Ainsi, l’indépendance et la singularité de son caractère s’annonçaient par de profonds contrastes, souvent même par une lutte ouverte avec ses condisciples. Un de ses journaux intimes, Mon cœur mis à nu, contient cette phrase : « Sentiment de solitude, dès mon enfance, malgré la famille, et au milieu des camarades surtout, — sentiment de destinée éternellement solitaire. Cependant goût très vif de la vie et du plaisir[1]. »

Ce n’est pas le seul trait où éclate l’originalité de sa nature. Il a noté, dans Mon cœur mis à nu, le rêve qui hantait dès lors son esprit : être « tantôt pape, mais pape militaire, tantôt comédien ». Etrange association d’idées qui s’explique par le prestige qu’eut, de tout temps, pour son imagination, le côté plastique de la vie, sans préjudice de son penchant au mysticisme[2].

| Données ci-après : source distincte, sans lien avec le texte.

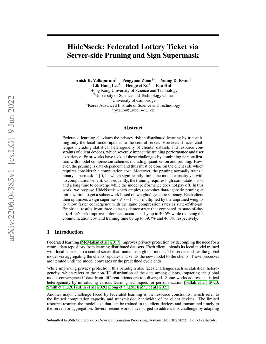 Federated learning alleviates the privacy risk in distributed learning by transmitting only the local model updates to the central server. However, it faces challenges including statistical heterogeneity of clients' datasets and resource constraints of client devices, which severely impact the training performance and user experience. Prior works have tackled these challenges by combining personalization with model compression schemes including quantization and pruning. However, the pruning is data-dependent and thus must be done on the client side which requires considerable computation cost. Moreover, the pruning normally trains a binary supermask which significantly limits the model capacity yet with no computation benefit. Consequently, the training requires high computation cost and a long time to converge while the model performance does not pay off. In this work, we propose HideNseek which employs one-shot data-agnostic pruning at initialization to get a subnetwork based on weights' synaptic saliency. Each client then optimizes a sign supermask multiplied by the unpruned weights to allow faster convergence with the same compression rates as state-of-the-art. Empirical results from three datasets demonstrate that compared to state-of-the-art, HideNseek improves inferences accuracies by up to 40.6\% while reducing the communication cost and training time by up to 39.7\% and 46.8\% respectively.
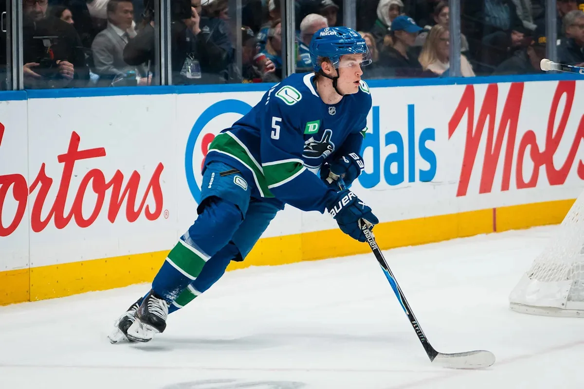 Despite only being 20, the defenceman has played excellently throughout his first few NHL games, resulting in him skating in games during which defenceman Elias Pettersson and Pierre-Olivier Joseph were healthy-scratched in his stead.
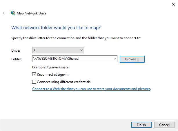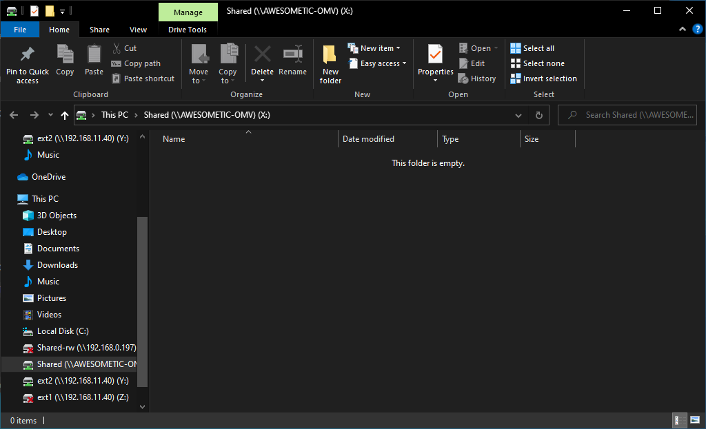 윈도우 10 탐색기에서 네트워크 드라이브를 추가해 OMV Samba 서버로 쉽게 접근할 수 있습니다.
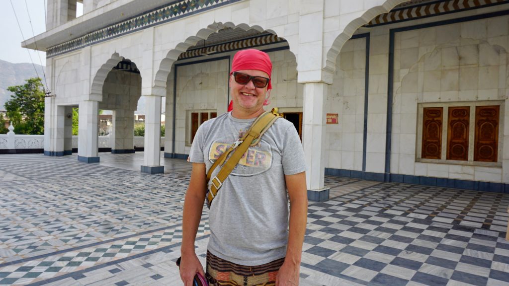 - Am Tempel. Meine Mütze musste ich gegen ein Kopftuch tauschen
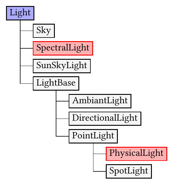 Regarding light sources, GroIMP provides the whole set of possible implementations. They all implementing the Light and LightBase interface what makes them handled equally and so easy to exchange.
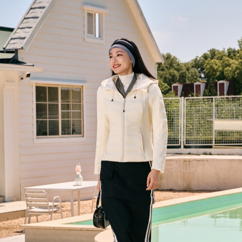 The 2025 winter new cold-proof white duck down light hooded down jacket is a warm, slimming and figure-hugging women's cotton-padded jacket
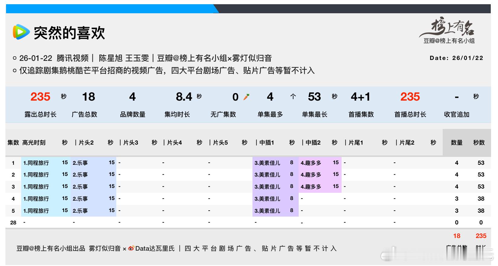 陈星旭、王玉雯突然的喜欢 开播,首播4+1集,4品牌,总时长235s首日腾讯热度21979,已经开始降了突然的喜欢腾讯热度值破22000要等明天了有没有看了的小同志,我刷到片断,王玉雯人设还蛮有趣的

En 1836, le colonel Aupick, appelé à l’état-major

  1. On est peu renseigné, en somme, sur la première enfance de Charles Baudelaire, — si peu qu’on serait porté à demander à l’œuvre du poète un supplément d’informations sur sa vie. À ce sujet, observons qu’il y a lieu de tenir pour un récit véridique la visite qu’il conte, avec un ravissement encore si ému, avoir faite, dans ses premières années, à une dame Panckoucke (morale du joujou, Œ. C., iii). Nous avons relevé en effet, dans l’incomparable collection de M. Ancelle, une lettre de Mme Panckoucke au général Aupick.
  2. Mme Aupick était très pieuse, mais d’une piété toute féminine. Quant à François Baudelaire, sans doute peut-on discerner quelque indice des inclinations de son esprit dans les lignes suivantes, écrites par Mme Aupick à Asselineau, après la mort de son fils, à l’occasion d’un envoi de tableaux qu’elle le prie d’accepter en souvenir ; je les cite d’autant plus volontiers qu’elles me semblent particulièrement intéressantes, en ce qui concerne les hérédités que notre poète trouva dans son berceau.
    « … Les deux tableaux dans votre caisse sont pour vous, mon enfant, Charles les avait suspendus lui-même dans sa chambre ; celui à l’huile, vieux tableau, est un Saint-Antoine dans sa solitude, où il se croyait obsédé par le démon ou un mauvais ange ; il a près de lui une croix.
    « M. Baudelaire s’était amusé à faire pour pendant à ce tableau, un tableau profane. À la place du saint, il a mis une bacchante qui tient un thyrse au lieu de la croix de Saint-Antoine ; elle est entourée d’amours au lieu d’anges… » (8 novembre 1867).